U.S. Pat. No. 6,785,496 and U.S. Patent Application Publication No. 2005/0013601 to Ide et al. disclose a distance-measuring device having an AF area sensor that includes an image pick up element formed on a semiconductor substrate for receiving two images having a parallax between them and a photo reception signal processing circuit formed on the semiconductor substrate for processing signals corresponding to light received by the image pick up element. On the basis of sensor data obtained by integration executed in the AF area sensor in an outline detection mode, the distance-measuring device detects a main subject in a photography screen, sets a distance-measuring area including the main subject, and measures the distance to the main subject.

U.S. Patent Application Publication No. 2002/0114015 to Fujii et al. discloses an AF control portion of a digital camera having a histogram generating circuit that generates a histogram of widths of edges in an AF area and a noise eliminating portion that eliminates noise components from the histogram. A histogram evaluating portion calculates an evaluation value indicative of the degree of achieving focus from the histogram and a contrast calculating circuit calculates contrast in the AF area. A driving direction determining portion determines the required driving direction of the focusing lens to achieve using the contrast. A driving amount determining portion positions the focusing lens to an in-focus position using the evaluation value of the histogram and the contrast.

U.S. Patent Application Publication No. 2003/0118245 to Yaroslavsky discloses an apparatus and method of automatically focusing an imaging system employing one or both of an edge detection approach and an image comparison approach. The edge detection approach comprises computing an edge density for each image of a set of images of the object, and selecting the focus position that corresponds to the image of the set having the greatest computed edge density as the optimum focus position. The image comparison approach comprises adjusting the focus position based on the difference between focus positions for a reference image and a closely matched image of a typical object.

U.S. Patent Application Publication No. 2006/0029284 to Stewart discloses a method of determining a focus measure from an image. During the method, one or more edges in the image is detected by processing the image with one or more first order edge detection kernels adapted to reject edge phasing effects. A first strength measure of each of the edges and the contrast of each of the edges are determined. The first strength measure of each of the edges is normalized by the contrast of each of the edges to obtain a second strength measure of each of the edges. One or more of the edges from the image is selected in accordance with the second strength measure and the focus measure is calculated using the second strength measure of the selected edges.

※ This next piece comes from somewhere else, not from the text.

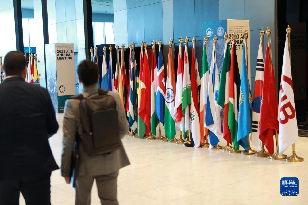 9月26日,在埃及沙姆沙伊赫举行的亚投行第八届理事会年会期间,参会者走过亚投行成员国国旗。

U.S. Patent Application Publication No. 2006/0062484 to Aas et al. discloses a method comprising detecting edges in at least a region of a captured focus image using adjacent pixels of the region to obtain first edge detection results and filtering the first edge detection results. The filtering comprises comparing differences in pixel contrast in the first edge detection results with a first threshold value and removing the differences in pixel contrast that are less than the first threshold value from the first edge detection results. Edges in at least the region are detected using non-adjacent pixels of the region to obtain second edge detection results and the second edge detection results are filtered. The second filtering comprises comparing differences in pixel contrast in the second edge detection results with a second threshold value and removing the differences in pixel contrast that are less than the second threshold value from the second edge detection results.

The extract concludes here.